For each installment, it was up to Cohen to submit an invoice. Prosecutors intimate that these invoices, and the processing of them, were fraudulent: The pertinent records indicate that the payments were for legal services rendered in 2017 pursuant to a retainer agreement. In reality, prosecutors counter, the payments were for campaign expenditures in 2016; they were not for legal services. And Cohen did not have a retainer agreement to provide legal services. As the SDNY press release puts it:
On February 14, 2017, COHEN sent an executive of the [Trump] Company (“Executive-1”) the first of his monthly invoices, requesting “pursuant to [a] retainer agreement . . . payment for services rendered for the months of January and February, 2017.” The invoice listed $35,000 for each of those two months. Executive-1 forwarded the invoice to another executive of the Company (“Executive-2”) the same day by email, and it was approved. Executive-1 forwarded that email to another employee at the Company, stating: “Please pay from the Trust. Post to legal expenses. Put ‘retainer for the months of January and February 2017’ in the description.”
Throughout 2017, COHEN sent to one or more representatives of the Company monthly invoices, which stated, “Pursuant to the retainer agreement, kindly remit payment for services rendered for” the relevant month in 2017, and sought $35,000 per month. The Company accounted for these payments as legal expenses. In truth and in fact, there was no such retainer agreement, and the monthly invoices COHEN submitted were not in connection with any legal services he had provided in 2017.
During 2017, pursuant to the invoices described above, COHEN received monthly $35,000 reimbursement checks, totaling $420,000.
Prosecutors have not identified “Executive-1” and “Executive-2” from the Trump Organization. According to the U.K.’s Daily Mail, Lanny Davis, one of Cohen’s lawyers, has suggested that “Executive-1” is Allen Weisselberg, the Trump Organization’s chief financial officer. That would make sense: Last month, Weisselberg was reportedly subpoenaed to testify before the SDNY grand jury investigating Cohen.

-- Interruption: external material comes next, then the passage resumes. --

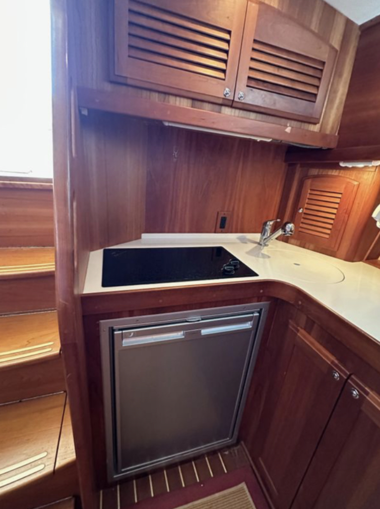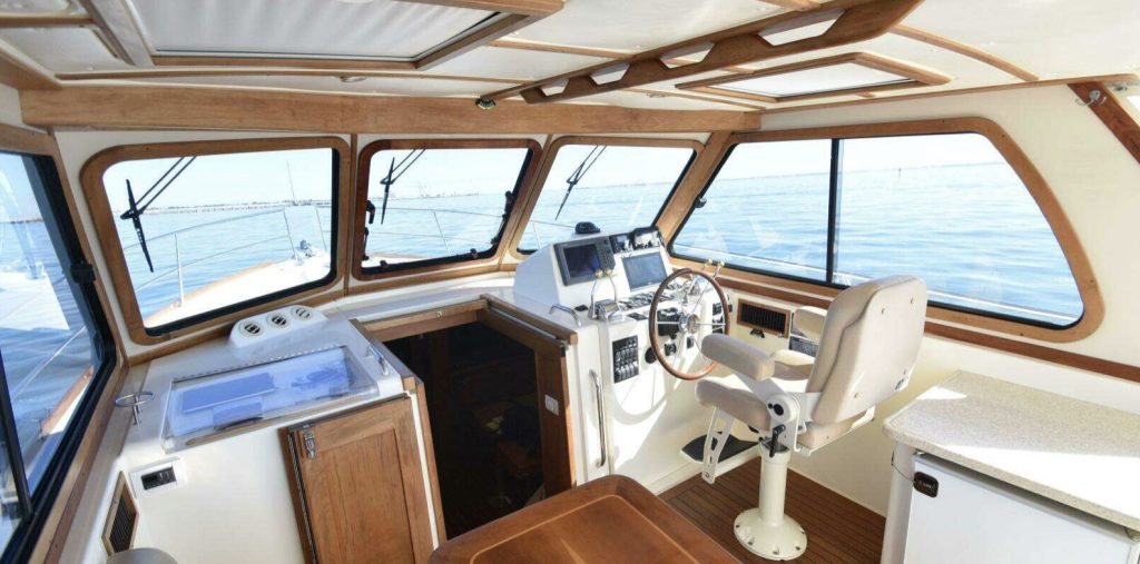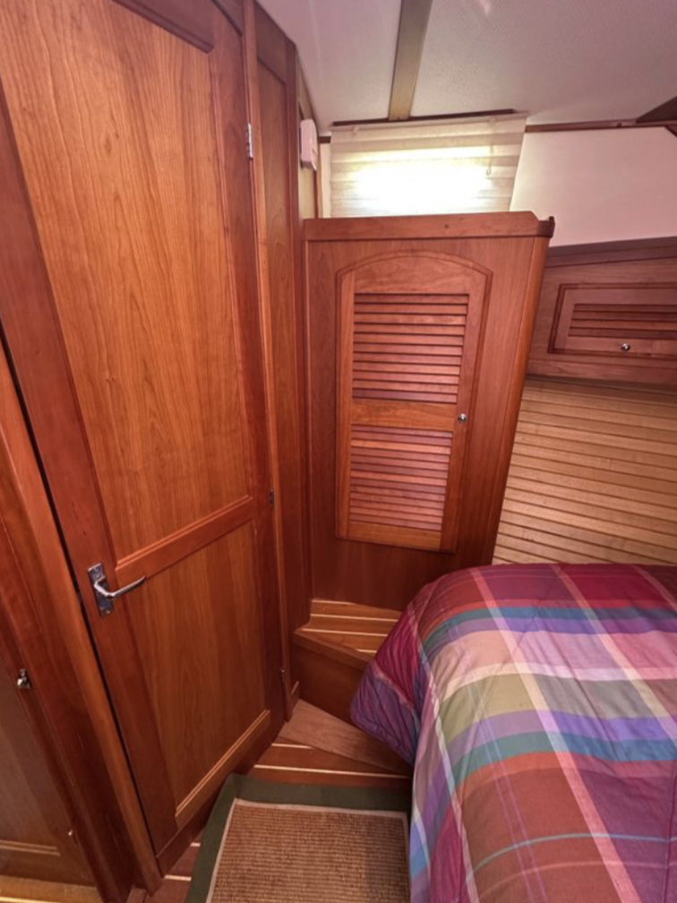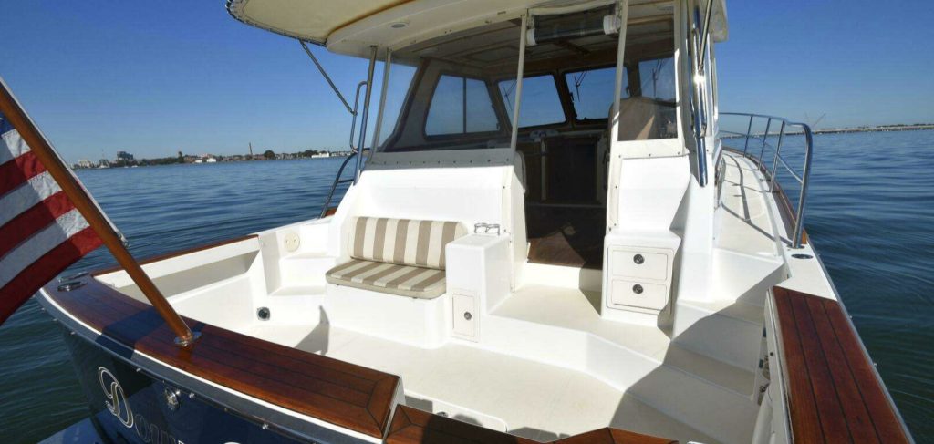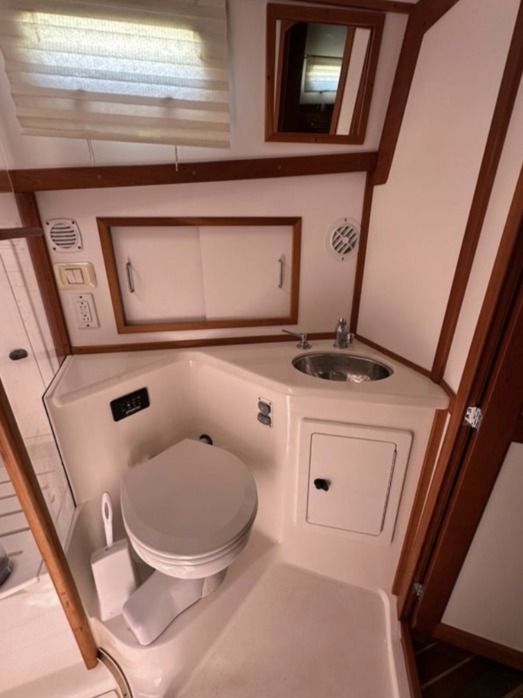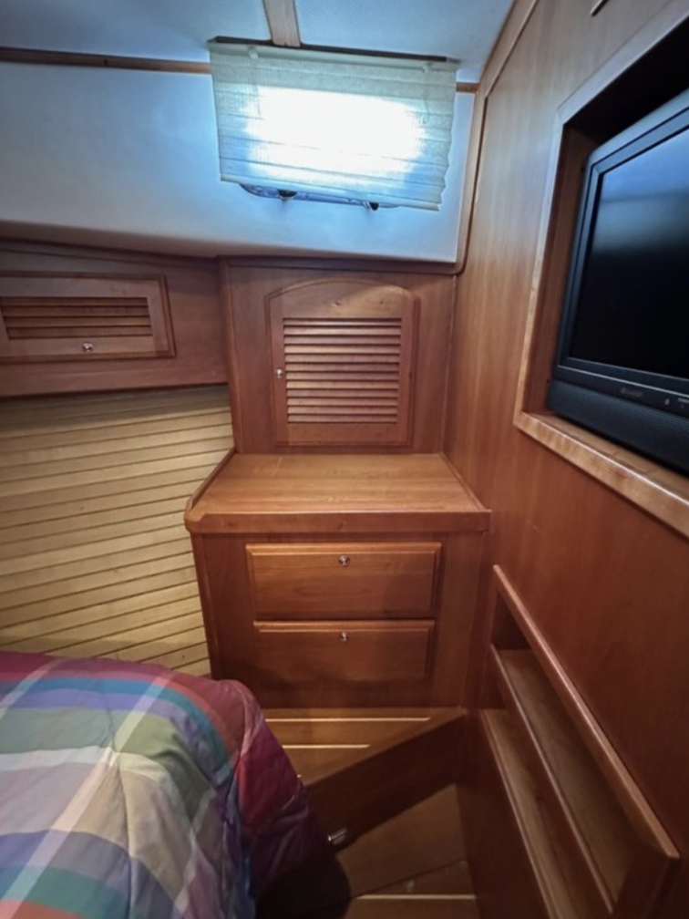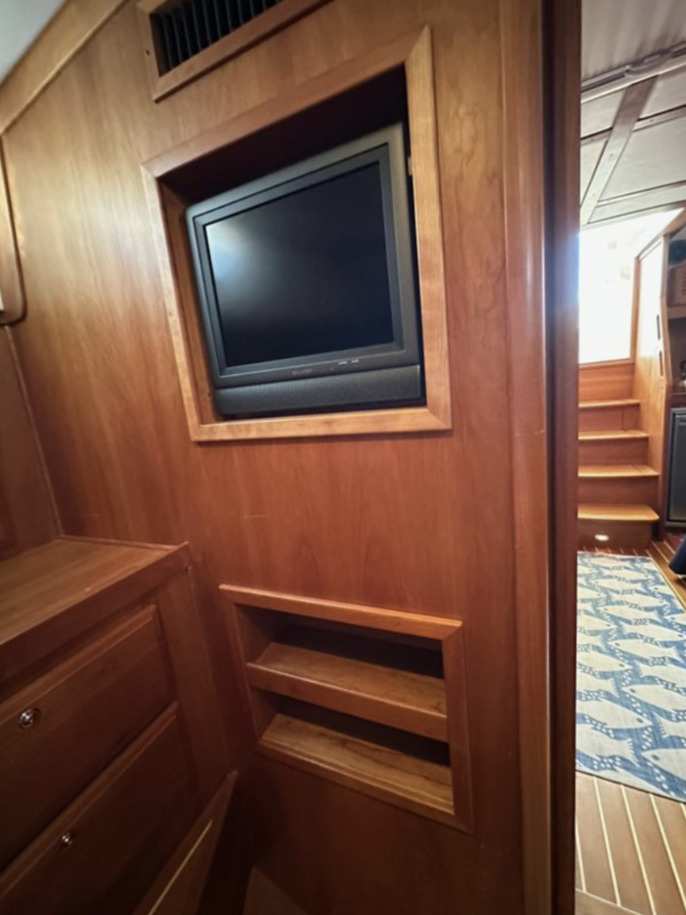 Bow and stern thrusters make her a breeze for docking. And she brings the simplicity of direct drive. (Not everyone wants pod drives.)She is designed and built in the Maine tradition for comfort, whether underway or at rest.

The Times report explains that the Manhattan DA’s interest is piqued because it is potentially a state-law felony for a business to misrepresent the basis for a reimbursement — e.g., to claim or deduct as a “legal expense” something that was not a legal expense. Meanwhile, New York’s attorney general, Barbara D. Underwood, has taken the preliminary steps necessary to investigate Cohen for possible state tax violations. These would be separate from the five federal tax-evasion offenses to which Cohen pled guilty this week. Such an investigation could expand into a state tax probe of the Trump Organization — at least to the extent of its accounting for Cohen’s reimbursement.
As the Times further notes, a president has no power to pardon violations of state law.